- EXERCISE: Transcribe all the data below exactly, leaving its pictures out.

- DATASET CONTENT:
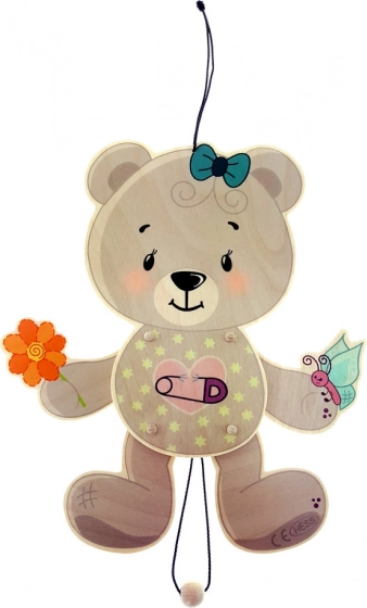 Deze hangende teddybeer is een ideale aanvulling voor elke kinderkamer. Hij is gemaakt van 100% berkenhout, waardoor hij niet alleen duurzaam is maar ook milieuvriendelijk. De bewegende delen, die worden geactiveerd door aan het koord te trekken, zorgen voor eindeloos plezier en stimuleren de motorische vaardigheden van kinderen.
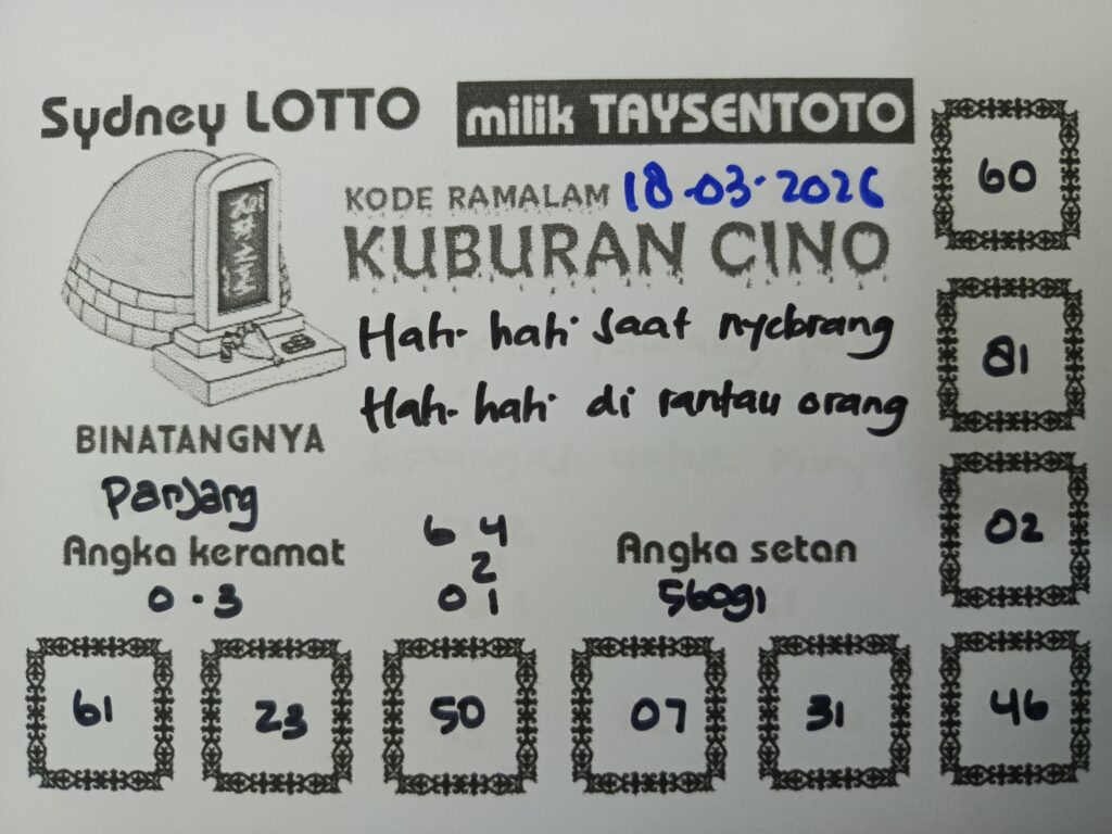Syair Kuburan Cino Sydney Hari ini Rabu, 18 Maret 2026
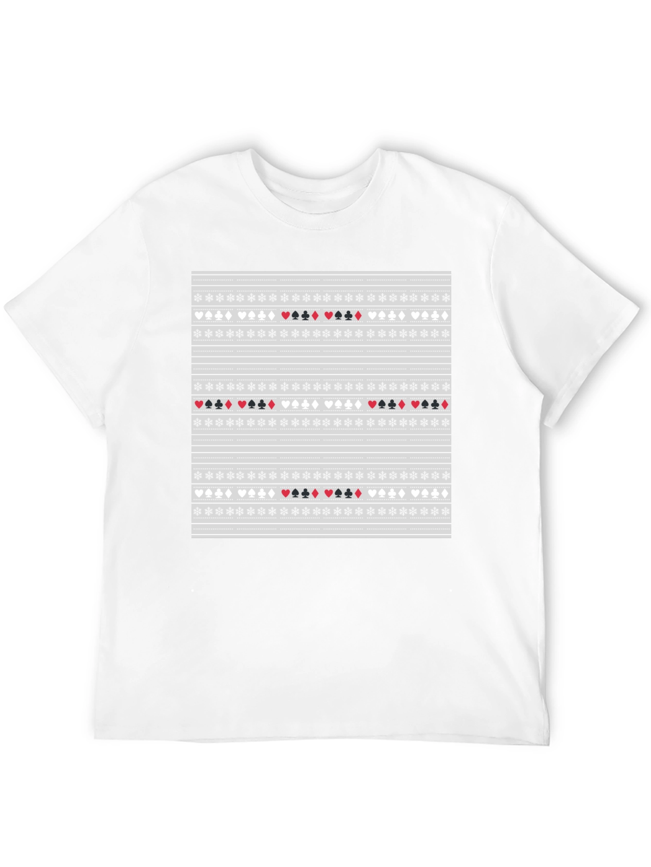 Luce esta original camiseta negra con un diseño único inspirado en las cartas de póker. El estampado presenta corazones, diamantes, tréboles y picas intercalados con motivos de copos de nieve, creando un patrón llamativo y distintivo. Ideal para amantes del juego y aquellos que buscan un toque diferente en su vestuario. Fabricada con materiales suaves y cómodos, esta camiseta de manga corta es perfecta para el uso diario, ya sea para una salida casual o para una noche de juegos con amigos. Destaca entre la multitud con este diseño divertido y elegante que seguro llamará la atención.

- RESULT BELOW:
 Deze hangende teddybeer is een ideale aanvulling voor elke kinderkamer. Hij is gemaakt van 100% berkenhout, waardoor hij niet alleen duurzaam is maar ook milieuvriendelijk. De bewegende delen, die worden geactiveerd door aan het koord te trekken, zorgen voor eindeloos plezier en stimuleren de motorische vaardigheden van kinderen.
Syair Kuburan Cino Sydney Hari ini Rabu, 18 Maret 2026
 Luce esta original camiseta negra con un diseño único inspirado en las cartas de póker. El estampado presenta corazones, diamantes, tréboles y picas intercalados con motivos de copos de nieve, creando un patrón llamativo y distintivo. Ideal para amantes del juego y aquellos que buscan un toque diferente en su vestuario. Fabricada con materiales suaves y cómodos, esta camiseta de manga corta es perfecta para el uso diario, ya sea para una salida casual o para una noche de juegos con amigos. Destaca entre la multitud con este diseño divertido y elegante que seguro llamará la atención.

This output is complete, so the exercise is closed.